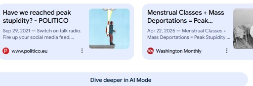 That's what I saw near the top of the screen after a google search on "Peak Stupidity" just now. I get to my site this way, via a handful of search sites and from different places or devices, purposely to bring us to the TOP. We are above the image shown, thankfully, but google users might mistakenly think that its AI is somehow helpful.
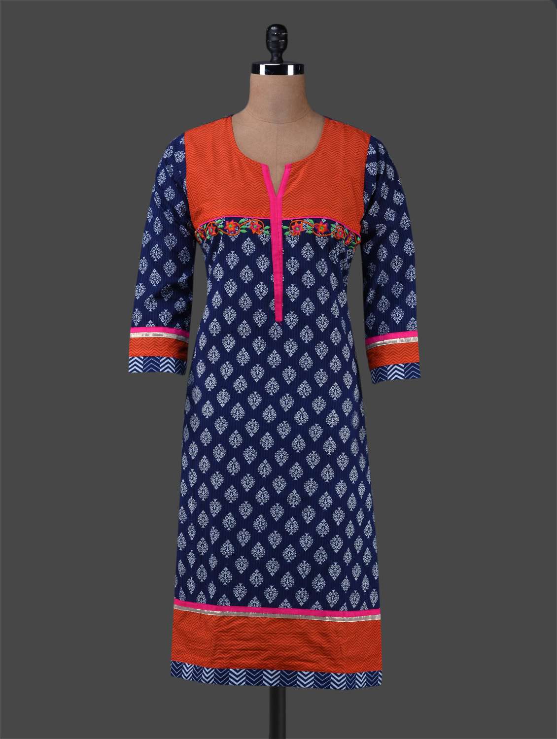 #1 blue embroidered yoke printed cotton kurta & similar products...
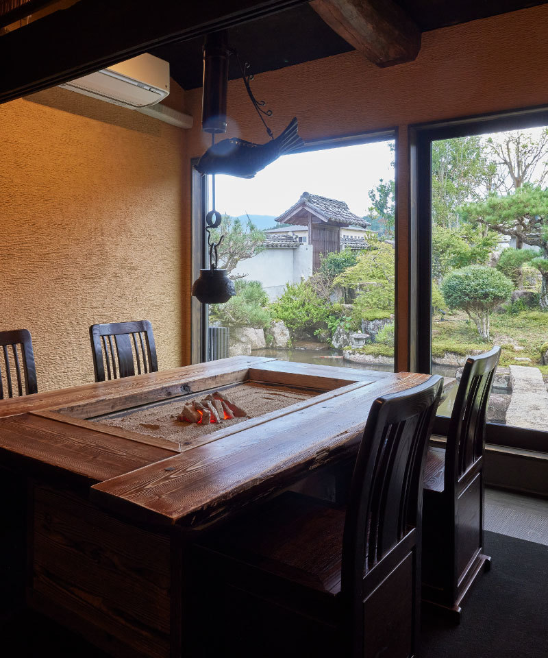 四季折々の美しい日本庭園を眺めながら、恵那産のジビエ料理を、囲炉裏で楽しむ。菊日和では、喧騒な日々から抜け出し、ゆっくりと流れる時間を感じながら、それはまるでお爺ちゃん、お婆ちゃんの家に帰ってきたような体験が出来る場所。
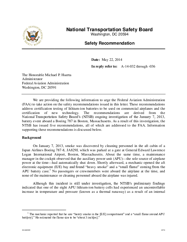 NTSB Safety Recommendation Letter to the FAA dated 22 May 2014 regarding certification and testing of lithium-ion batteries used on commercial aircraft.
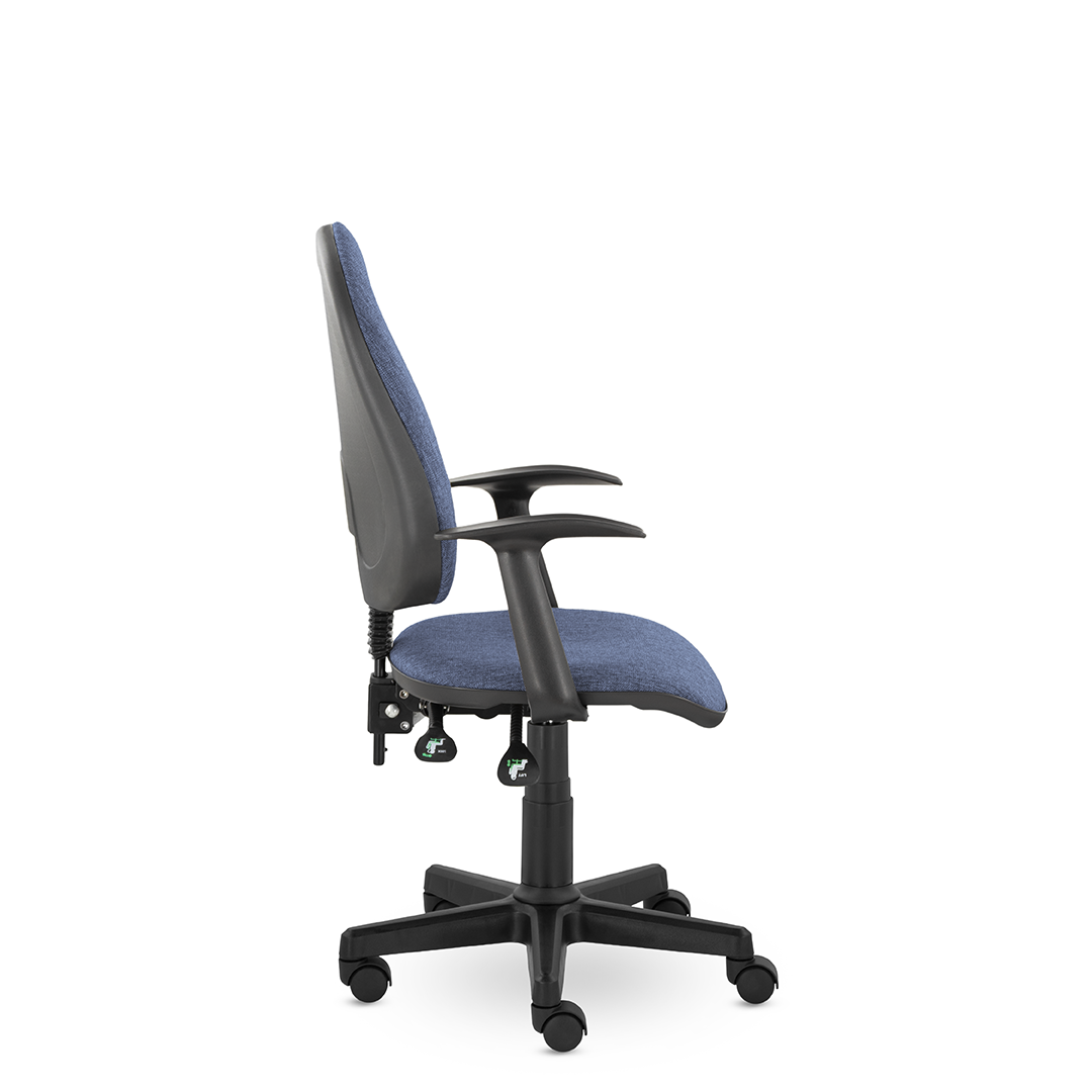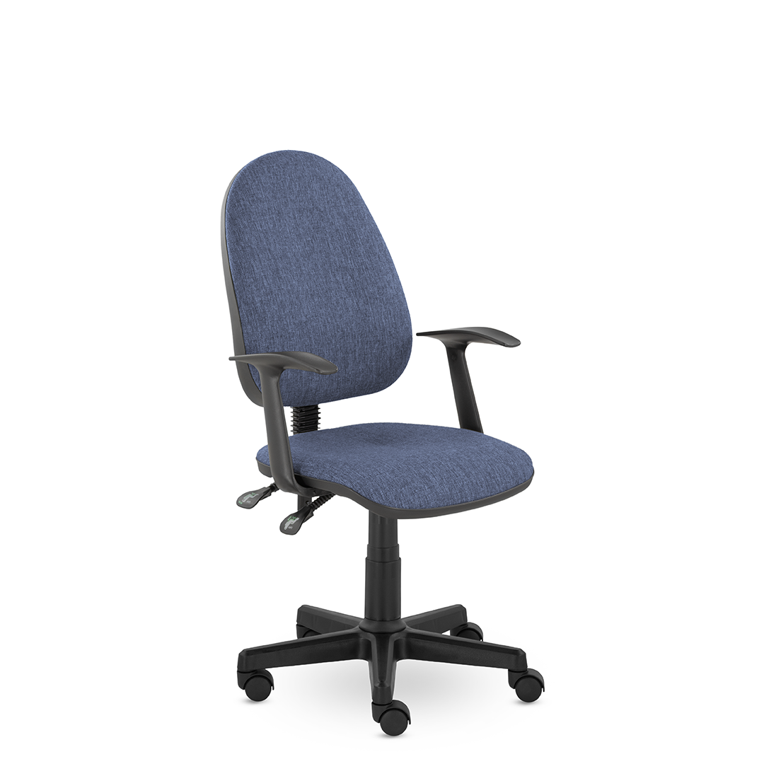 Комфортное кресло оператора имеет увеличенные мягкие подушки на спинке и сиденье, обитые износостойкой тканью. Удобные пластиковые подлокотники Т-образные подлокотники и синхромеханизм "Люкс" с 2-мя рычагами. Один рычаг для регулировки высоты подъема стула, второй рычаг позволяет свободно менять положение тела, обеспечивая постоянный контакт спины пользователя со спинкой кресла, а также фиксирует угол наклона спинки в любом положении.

§ **AIM OF THE TASK**:
Reproduce the material above verbatim; omit every picture.

§ **RESULT OF THE TASK**:
 That's what I saw near the top of the screen after a google search on "Peak Stupidity" just now. I get to my site this way, via a handful of search sites and from different places or devices, purposely to bring us to the TOP. We are above the image shown, thankfully, but google users might mistakenly think that its AI is somehow helpful.
 #1 blue embroidered yoke printed cotton kurta & similar products...
 四季折々の美しい日本庭園を眺めながら、恵那産のジビエ料理を、囲炉裏で楽しむ。菊日和では、喧騒な日々から抜け出し、ゆっくりと流れる時間を感じながら、それはまるでお爺ちゃん、お婆ちゃんの家に帰ってきたような体験が出来る場所。
 NTSB Safety Recommendation Letter to the FAA dated 22 May 2014 regarding certification and testing of lithium-ion batteries used on commercial aircraft.
 Комфортное кресло оператора имеет увеличенные мягкие подушки на спинке и сиденье, обитые износостойкой тканью. Удобные пластиковые подлокотники Т-образные подлокотники и синхромеханизм "Люкс" с 2-мя рычагами. Один рычаг для регулировки высоты подъема стула, второй рычаг позволяет свободно менять положение тела, обеспечивая постоянный контакт спины пользователя со спинкой кресла, а также фиксирует угол наклона спинки в любом положении.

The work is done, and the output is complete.